The race for producer of the year, non-classical, will pit Jack Antonoff — who won in 2022 and again at the most recent Grammys thanks to his work with Swift and Del Rey, among others — against Dernst “D’Mile” Emile II, Hit-Boy, Metro Boomin and Daniel Nigro. The nominees for songwriter of the year, non-classical, which was awarded for the first time this past February, are Edgar Barrera, Jessie Jo Dillon, Shane McAnally, Theron Thomas and Justin Tranter.
The category of audio book, narration and storytelling recording is a jumble of boldfaced names, with nods for Meryl Streep, William Shatner, Rick Rubin, Sen. Bernie Sanders and Michelle Obama.
A number of classic-rock icons turned up in specialty categories like historical album, in which Bob Dylan’s “Fragments — Time Out of Mind Sessions (1996-1997): The Bootleg Series, Vol 17” is nominated, and music film, for which director Brett Morgen’s David Bowie movie “Moonage Daydream” will compete against “I Am Everything,” a documentary about Little Richard directed by Lisa Cortés. The Rolling Stones scored a nod for “Angry” in the rock song category, which also includes Foo Fighters’ “Rescued,” Boygenius’ “Not Strong Enough,” Queens of the Stone Age’s “Emotion Sickness” and Rodrigo’s “Ballad of a Homeschooled Girl.”
Boygenius, in which Bridgers is joined by fellow singer-songwriters Lucy Dacus and Julien Baker, garnered additional nominations for rock performance, alternative music performance and alternative music album, making it the most-nominated act in the traditionally male-dominated rock and alternative fields.

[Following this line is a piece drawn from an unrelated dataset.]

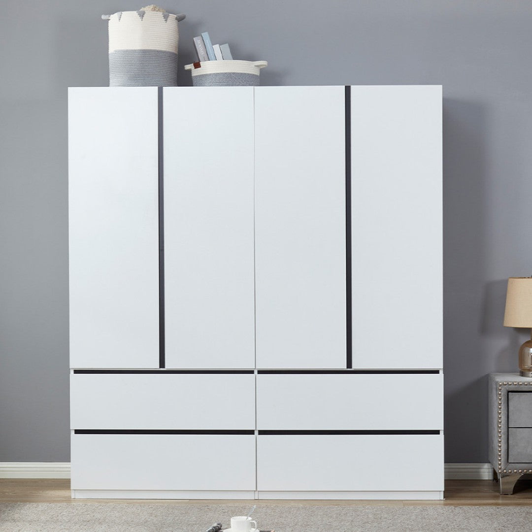 - Modern wardrobe includes 4 cabinet doors and 4 drawers for hidden storage and organization of your essentials.
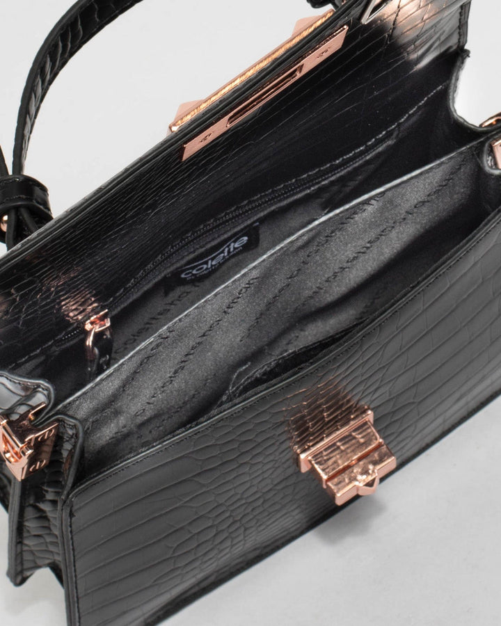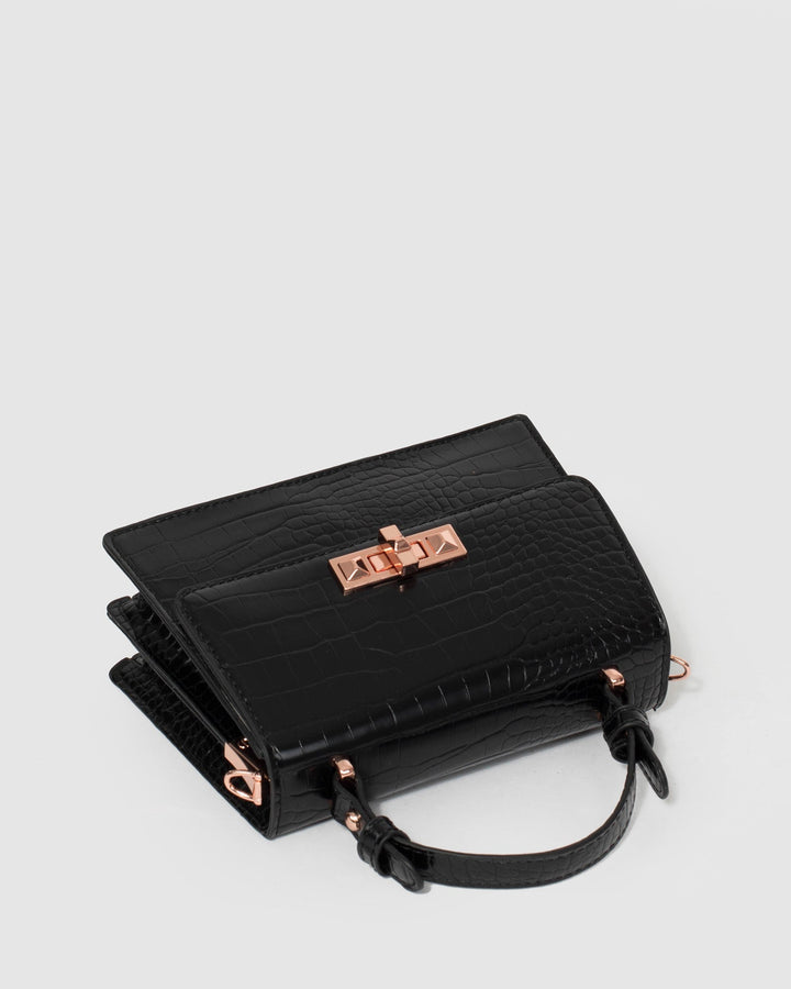 - Black finish with rose gold tone hardware

The nominations, which were revealed in a livestreamed event on Friday, come just two days after an unnamed female musician filed a lawsuit against former academy head Neil Portnow, whom she said drugged and raped her in a New York hotel room in 2018. Portnow, who denies the accusations, stepped down as chief executive in 2019 after he was widely condemned for saying that women in music should “step up” in order to be recognized for awards such as the Grammys.
Portnow’s departure set off turmoil within the academy including the hiring and quick firing of the group’s next leader, Deborah Dugan, who said she was ousted for calling attention to a variety of financial and ethical violations inside the organization. Mason, who declined to comment on the allegations against Portnow, took over on an interim basis in 2020 before being officially appointed the following year.
Big winners at the 65th Grammys included Harry Styles, whose “Harry’s House” took album of the year; Lizzo, whose “About Damn Time” won record of the year; Bonnie Raitt, whose “Just Like That” was named song of the year; and jazz singer Samara Joy, who won best new artist.